The reality of American inflation
How cheap junk obscures the truth about our declining purchasing power
I cannot help finding it amusing that anxiety about "inflation" is making a comeback. Reading this article in Bloomberg brought me back to a period for which I never thought I would be nostalgic: i.e., 2008, an era I associate with Fleet Foxes (ugh), that awful Indiana Jones reboot, Ron Paul's campaign ads, and pseudo-genteel poverty. In those days it was widely assumed in right-wing media that Barack Obama's stimulus efforts in response to the financial crisis would lead the United States to Weimar-style hyperinflation, which mysteriously never happened. Apparently we are suffering through this again. What other throwback delights could be just around the corner? A new Guns N' Roses album?
The problem with our conversations about inflation is that they are premised upon an equivocation. When economists say, rightly, that stimulus policies undertaken in the last few decades have not led to widespread inflation, what they mean is that lowering of interest rates has not increased the supply of money enough to make the prices of goods rise faster than wages. This is, trivially speaking, accurate.
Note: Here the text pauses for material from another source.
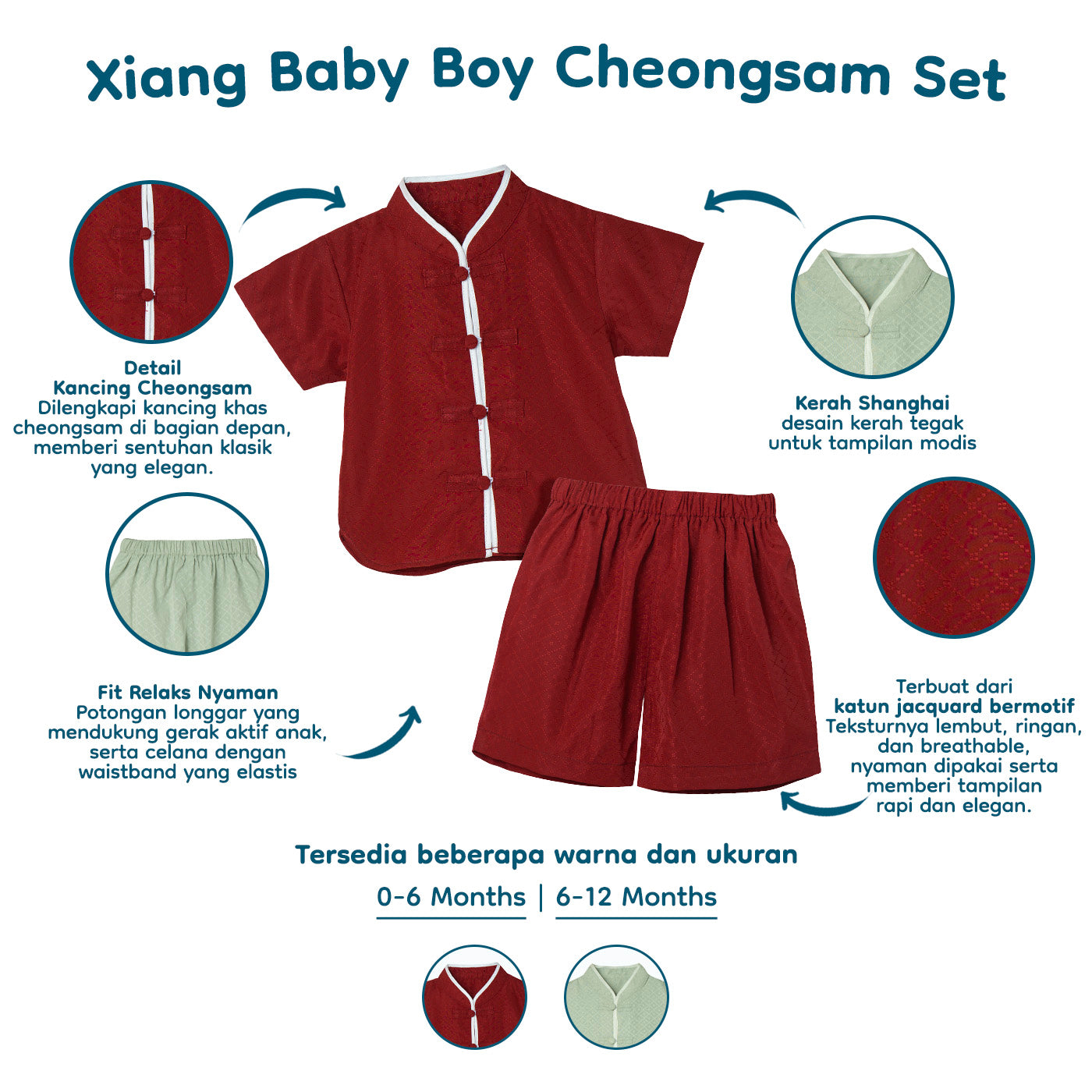 Xiang Baby Boy Cheongsam Set adalah setelan busana tradisional oriental dengan sentuhan klasik. Setelan ini memadukan desain cheongsam yang elegan dengan potongan modern agar tetap nyaman dipakai bayi di momen spesial bersama keluarga.

But this does not mean that the American people have not experienced a decline in the purchasing power of money since 2008, or, indeed, earlier.
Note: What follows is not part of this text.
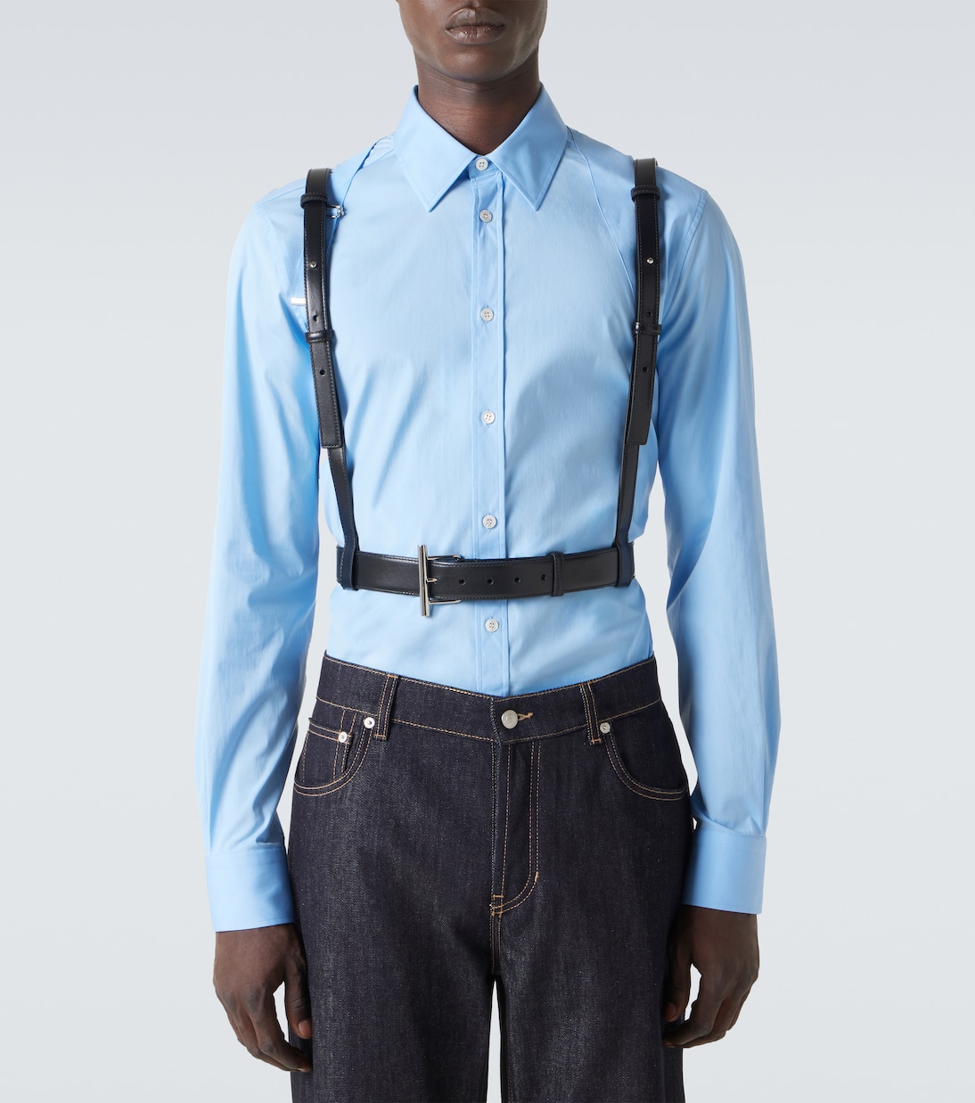 McQueen переосмысливает свою фирменную деталь Harness, создавая ремень, который можно носить как с повседневными, так и с деловыми образами. Ремень выполнен из мягкой кожи и дополнен серебристой пряжкой T-Bar.

This is because it is entirely possible for purchasing power to decline without vast increases in the supply of money. The price of housing is the best example. As my former colleague Jeff Spross has observed, during the last decade the price of housing increased at a rate much higher than that of anything else. One scarcely needs figures to see that something that as recently as 1970 was within the reach of the average American household — purchasing a home — has become a fantasy for millions of people in my generation. This is especially the case in major metropolitan areas. All of this has taken place despite the fact that in the ensuing decades the vast majority of American families have become two-income households. Americans work more outside the home and have less to show for it than they did two generations ago. This may not technically be "inflation," but it is a serious problem about which we are doing nothing.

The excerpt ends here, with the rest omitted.